Less fattening than real butter.

Killer feature for me is near-instant, atomic, (sub)volume-level incremental backups.

>tfw the first time i copied a large/many small files to a new location.

Holy blazing jesus balls that was fast.

Its not really copying it though, its basically doing a hardlink under the hood. Any cow fs will do this (or its not a cow fs).

it's doing reflinks

basically, instead of making a new copy of the file, it simply creates a new file and links its content to where the other file is stored

it's not the same as a hardlink though, they still act like independent files, modifying or deleting one won't affect the other

native subvolumes, like partitions only they're naturally thin-provisioned (they're the size of their content, rather than fixed sizes)
compression, reflinks
native raid, which is very flexible, allowing for things like level conversion and fast disk adding/removing while online, and can make efficient use of disks which are different sizes
online volume resizing
to name a few

you forgot corrupting your data.

years ago, definately, but besides raid5/6 the stability is pretty good nowadays

speaking of that, btrfs of course also has checksumming, allowing for detection and repair (when using raid>0) of errors

i was using raid5 for one volume, which did eventually fall apart, but their recovery tools have gotten pretty good, and despite it being non-mountable, i still managed to get everything off the disks
in fact, recovery is much better than anything i've used before, it managed to not only restore all the files, it did so with the original names, in their original folders, and with their original permissions, literally lost nothing

>besides raid5/6

Yes, besides the feature that is most attractive to people who are the LEAST tolerant of data loss, it works fine :^).

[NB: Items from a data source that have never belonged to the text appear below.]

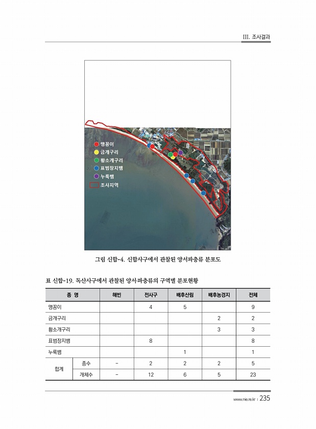 III. 조사결과 www.nie.re.kr ?235 그림 신합-4. 신합사구에서 관찰된 양서파충류 분포도 종 명 해빈 전사구 배후산림 배후농경지 전체 맹꽁이 4 5 9 금개구리 2 2 황소개구리 3 3 표범장지뱀 8 8 누룩뱀 1 1 합계 종수 2 2 2 5 개체수 12 6 5 23 표 신합-19. 독산사구에서 관찰된 양서?파충류의 구역별분포현황
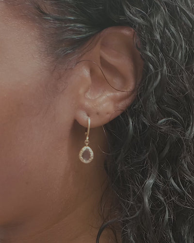 LysiaCrystalPendientes con colgantes en forma de gota, suspendidos de pequeñas criollas, cada uno adornado con una piedra blanca engastada a mano en oro texturizado.
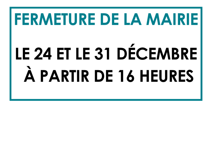 La mairie de Pinsaguel sera fermée le mardi 24 décembre et le mardi 31 décembre à partir de 16 heures.
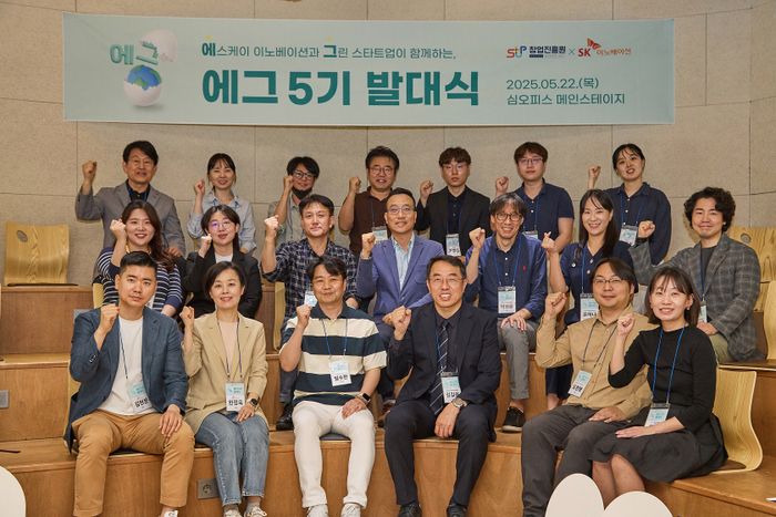 SK이노베이션은 최근 서울 성동구 심오피스에서 에그 5기 발대식을 개최했다고 28일 밝혔다. ‘에그’는 ‘에’스케이(SK) 이노베이션과 ‘그’린 기술을 가진 벤처가 협업해 스타트업 생태계 조성에 힘쓴다는 뜻이다. 창업진흥원이 운영해온 ‘창업도약패키지 대기업 협업 프로그램’에 SK이노베이션이 참여했다.
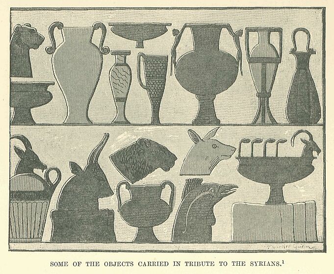 His men were placed under canvas, and working under the protection of immense shields, supported on posts, they made a ditch around the walls, strengthening it with a palisade. The king constructed also on the east side a fort which he called “Manakhpirrî-holds-the-Asiatics.” Famine soon told on the demoralised citizens, and their surrender brought about the submission of the entire country. Most of the countries situated between the Jordan and the sea—Shunem, Cana, Kinnereth, Hazor, Bedippa, Laish, Merom, and Acre—besides the cities of the Haurân—Hamath, Magato, Ashtarôth, Ono-repha, and even Damascus itself—recognised the suzerainty of Egypt, and their lords came in to the camp to do homage.*

>i was using raid5 for one volume, which did eventually fall apart, but their recovery tools have gotten pretty good, and despite it being non-mountable, i still managed to get everything off the disks

Because you had no actual data loss, so it just had to "find" it on disk and fix the records. If you had lost data, the parity would have failed any you would have been fucked.

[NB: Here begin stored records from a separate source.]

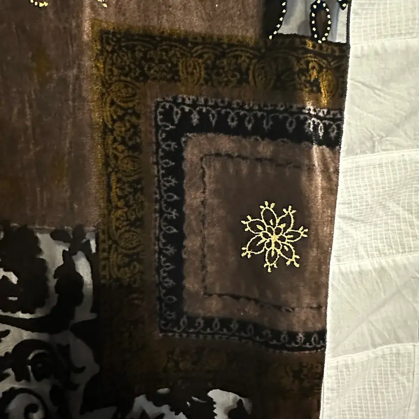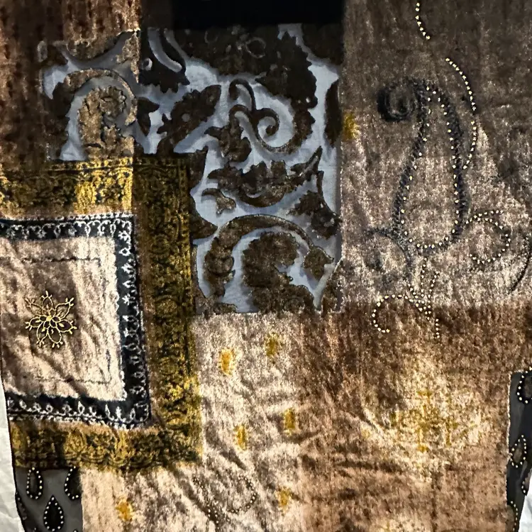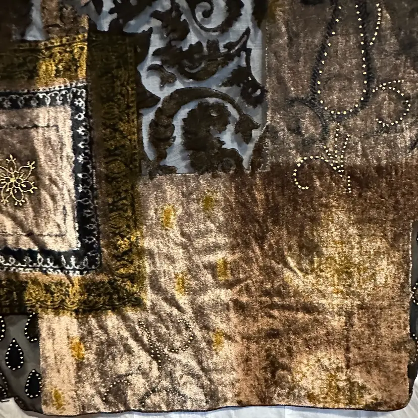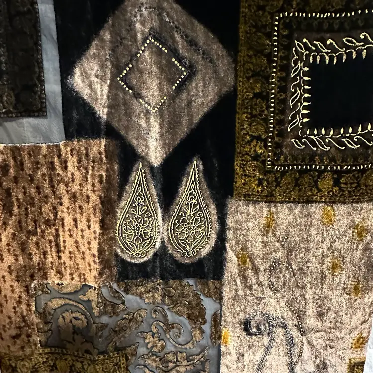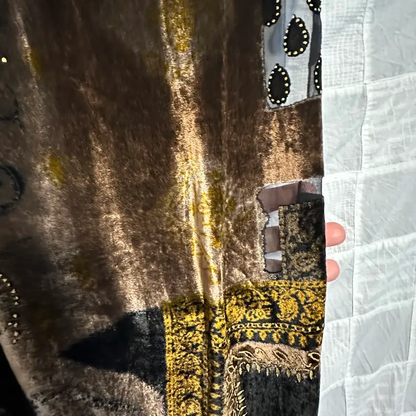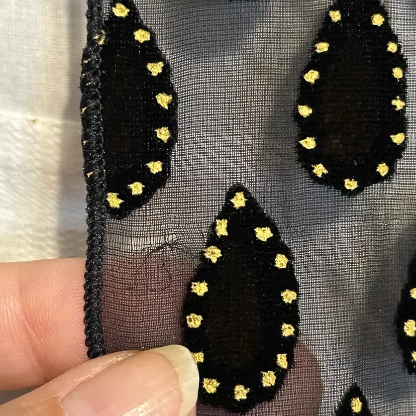 Stunning!!! Very tiny run, as shown. However, it’s not a loose run, and in danger of further running. Silk blend. Well made. Aprox. 62” x 17”
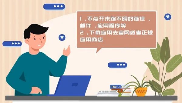 其次,是软件层面的防护。为了办公电脑远离病毒,请不要随意点开来路不明的链接、邮件等;如果要安装应用程序,请在官网进行下载,避免使用“破解版”“绿色版”等应用。
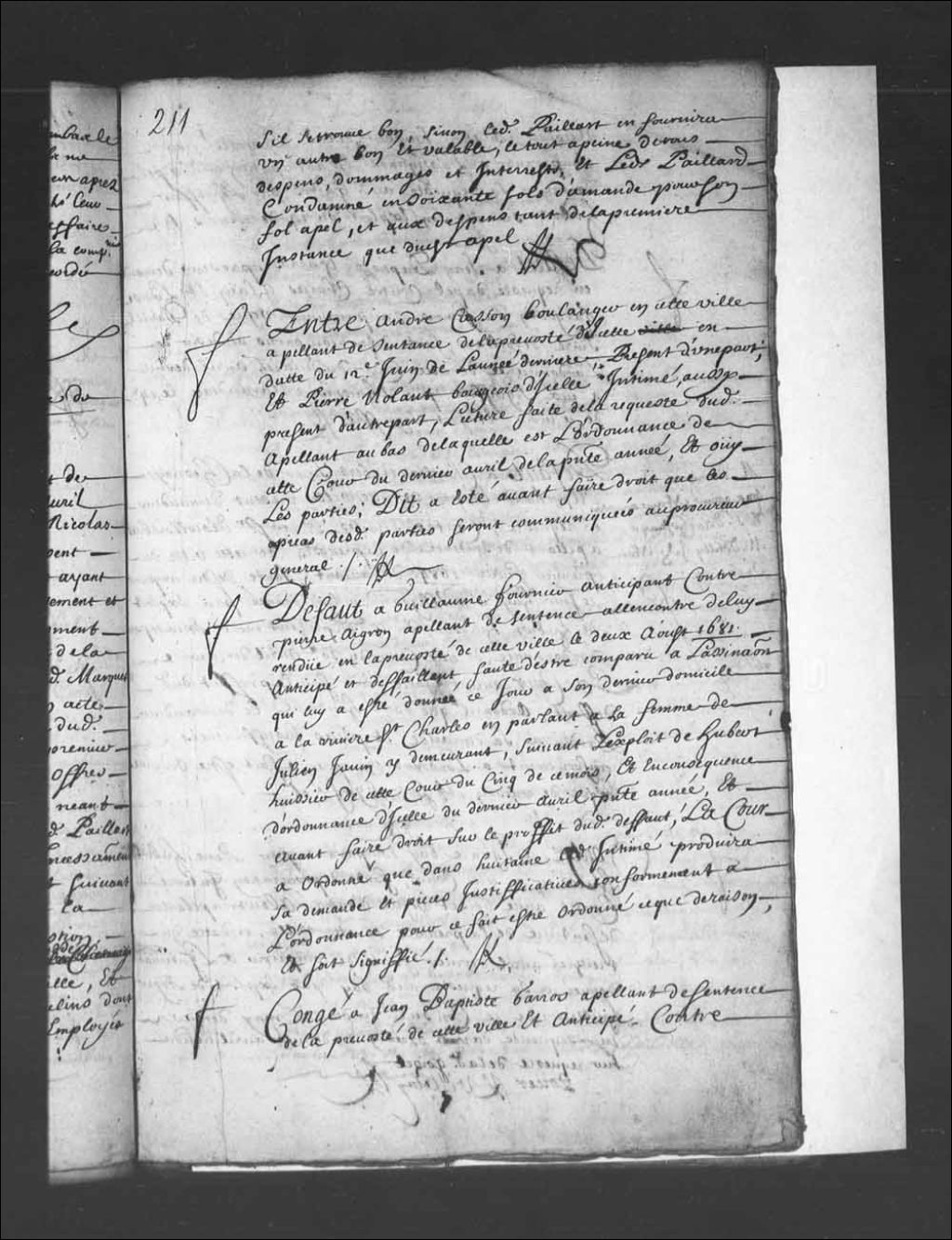 Transcription du texte avec orthographe modernisée : «Défaut à Guillaume Fournier anticipant contre Pierre Aigron appelant de sentence à l'encontre de lui rendue en la prévôté de cette ville le deux août 1681 anticipé et défaillant faute d'être comparu a l'assignation qui lui a été donnée ce jour à son dernier domicile à la rivière Saint-Charles en parlant à la femme de Julien Jouin y demeurant, suivant l'exploit de Hubert huissier de cette Cour du cinq de ce mois, et en conséquence d'ordonnance d'icelle du dernier avril présente année, et avant faire droit sur le profit dudit défaut, la Cour a ordonné que dans huitaine ledit intimé produira sa demande et pièces justificatives conformément à l'ordonnance pour ce fait être ordonné ce que de raison, et soit signifié. R. V.»

I like the idea of btrfs, but it needs more work before its production ready. zfs is a better choice for now.

until they sort out raid5/6, you can still put btrfs on top of mdadm raid5/6
you lose the flexibility, but then, other filesystems depend on mdadm (or hardware) for raid anyway, so it's not like you're /worse/ off

zfs(onlinux) does have native raid also, and i did use it for some time, but its raid is very inflexible, it's very much only designed and suited for big setups, which is fine, that was their goal, but it makes it less useful for smaller home setups

What part of "production" implied "smaller home setups"?

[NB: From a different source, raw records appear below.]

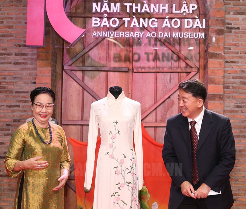 Các đại biểu chụp hình lưu niệm tại lễ kỷ niệm.Bảo tàng Áo dài là một trong hai bảo tàng tư nhân trực thuộc nhóm bảo tàng chuyên đề của Sở Văn hóa và Thể thao TPHCM, được khởi xướng và xây dựng từ ý tưởng của họa sĩ – nhà thiết kế Sĩ Hoàng. Từ năm 2015, Bảo tàng Áo dài trở thành công trình văn hóa do Công ty Cổ phần Dấu Ấn Việt Nam sở hữu, quản lý và vận hành.
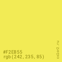 Цвет #F2EB55 в цветовой модели RGB обозначается тремя октетами (242, 235, 85) в десятичном формате и #F2EB55 в шестнадцатиричном (hex) формате, которые являются интенсивностью красного 242 (hex F2), интенсивность зелёного 235 (hex EB) и интенсивность синего 85 (hex 55).
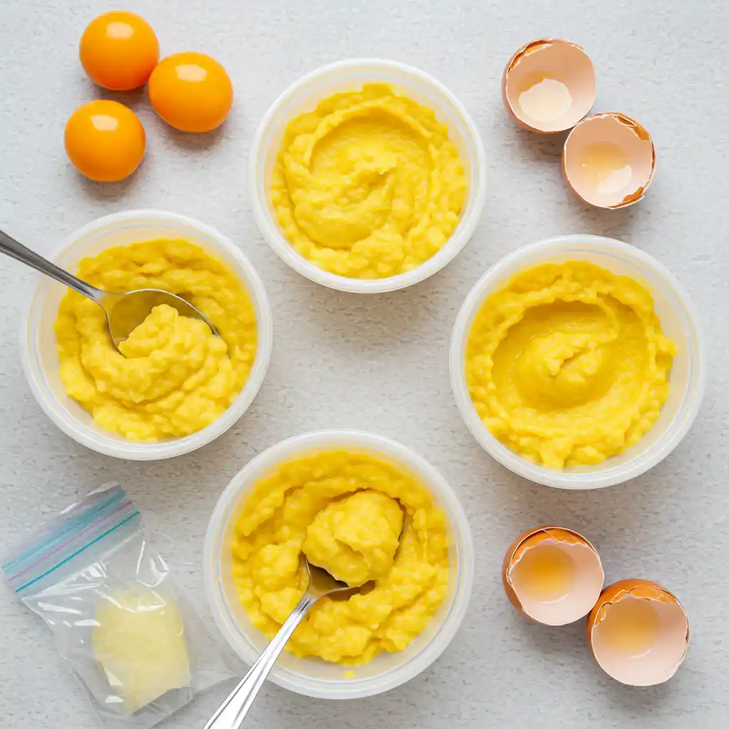 - For better organization, keep frozen yolks in portions of 2–4 per container. This way you thaw only what you need.
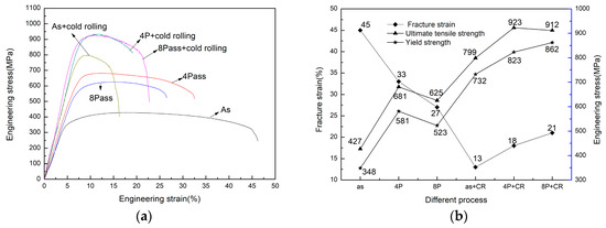 Figure 7a shows the room temperature tensile curves of CP-Ti at different processing stages. Moreover, the variations of ultimate tensile strength (UTS), tensile yield strength (TYS), and strain to failure with different processing stages are also summarized in Figure 7b. The as-received sample exhibits a low UTS of 427 MPa and a high strain to failure of 45.3%. After four passes of ECAP, there is a boost of strength, which increased to 681 MPa, but the fracture strain decreased to 33.1%. As for 8p-ECAP sample, its UTS and fracture strain have decreased by 9% and 16%, respectively, when compared with that of 4p-ECAP sample. When as-received and ECAP CP-Ti were cold rolled, their strengths are improved remarkably, but their fracture strains are reduced. The as-received + CR sample shows high UTS of 799 MPa, which is almost twice that of the as-received sample, and is even higher than both ECAP samples, suggesting that cold rolling exhibits a more obvious strengthening effect than ECAP. However, its ductility is greatly decreased compared with ECAP metals. When ECAP metals are cold rolled, a more obvious improvement of strength is observed. The 4p-ECAP + CR and 8p-ECAP + CR metals display high strength with UTS of 923 and 912 MPa, and moderate ductility with fracture strain of 18.2% and 21.3%, respectively. Therefore, it can be concluded that the strengthening effect of combined ECAP + CR method is more effective than single CR or ECAP pressing. In addition, an ultra-fine grained (nano-grained) CP-Ti with both high strength and good ductility is successfully fabricated via the combination of ECAP and cold rolling.
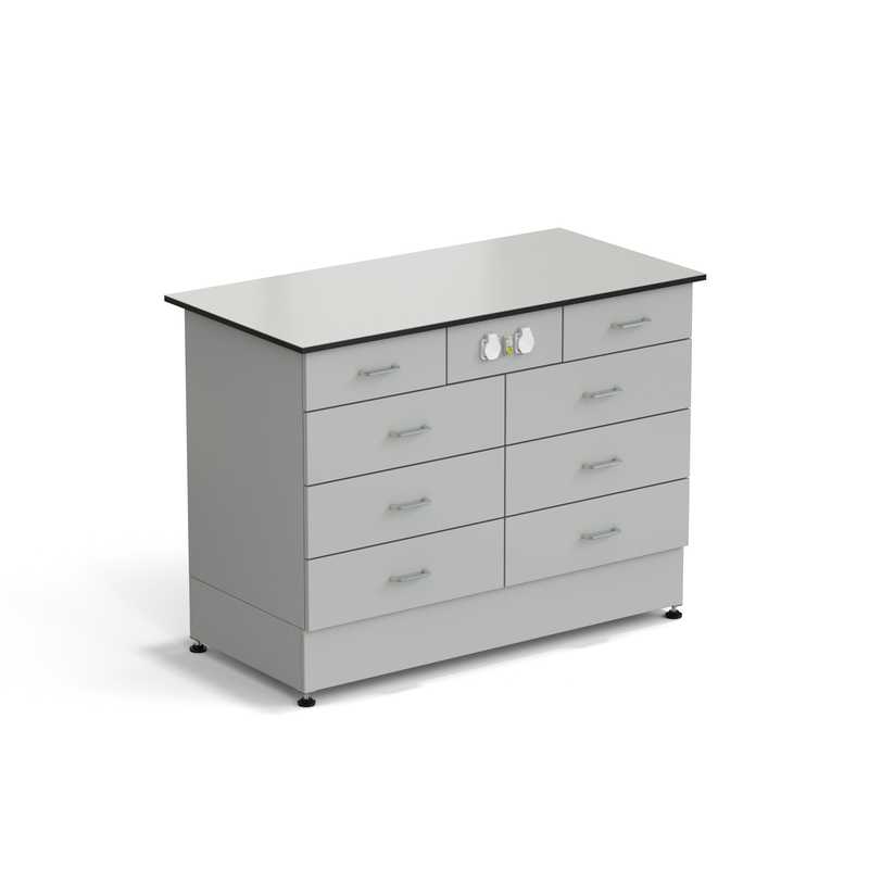 77.0139.10.08-01 Стол-тумба ЭКРОС 1200х600х900 мм 2 ящика + 3 ящика + 3 ящика с электрикой, раб. поверхность - LABGRADE
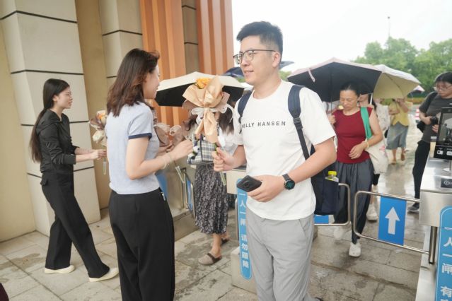 清晨的校园东门,细雨蒙蒙,暖意融融。一群手捧鲜花的学生早早在此等候,他们手中的花朵色彩鲜艳、香气淡雅,每一朵都承载着对老师的敬意与感谢。当老师们陆续走进校园时,学生们立刻围上前,双手递上鲜花,轻声道一句“老师,教师节快乐!”。稚嫩的声音与灿烂的笑容,搭配着娇艳的花朵,让老师们的脸上瞬间洋溢起幸福的笑容,不少老师拿出手机记录下这温馨的瞬间,小小的东门成了校园里最早传递节日温情的地方
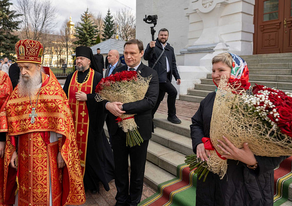 По окончании Литургии епископ Сергиево-Посадский и Дмитровский Кирилл от лица братии обители приветствовал Предстоятеля Русской Церкви и преподнес Его Святейшеству пасхальное яйцо.

It's basically all the features of Reiser without having all the slav-mail-order-bride-murdering primadonna issues like not playing nice with the VFS model, and it's not owned by Sun/Oracle.

>compression

why is this always touted as some great FS feature?
why isn't it looked at more as a layering violation?
I don't need by FS heuristically applying nigger-tier LZ variants when most of my data is already in media-specific compressed file formats.

CHEAP

ZFS

WANNABE

it's a shame btrfs RAID6 is fucked because the improvements it offers over regular mdadm RAID are what would make it perfect for the hobbyist data-hoarder. On-line rebalancing, checksumming and scrubbing, the ability to add (or remove, unlike ZFS) disks of pretty much any size individually without hassle.

I suspect the devs don't really want to bother with fixing it though. Project leader works for Facebook and they have their eyes on clustering for redundancy. Some guy submitted code a while back for 3/4/5/6-way pairity, in addition to 1 and 2 way (RAID 5 and 6) and he shot it down, saying basically "Don't care, we don't need it"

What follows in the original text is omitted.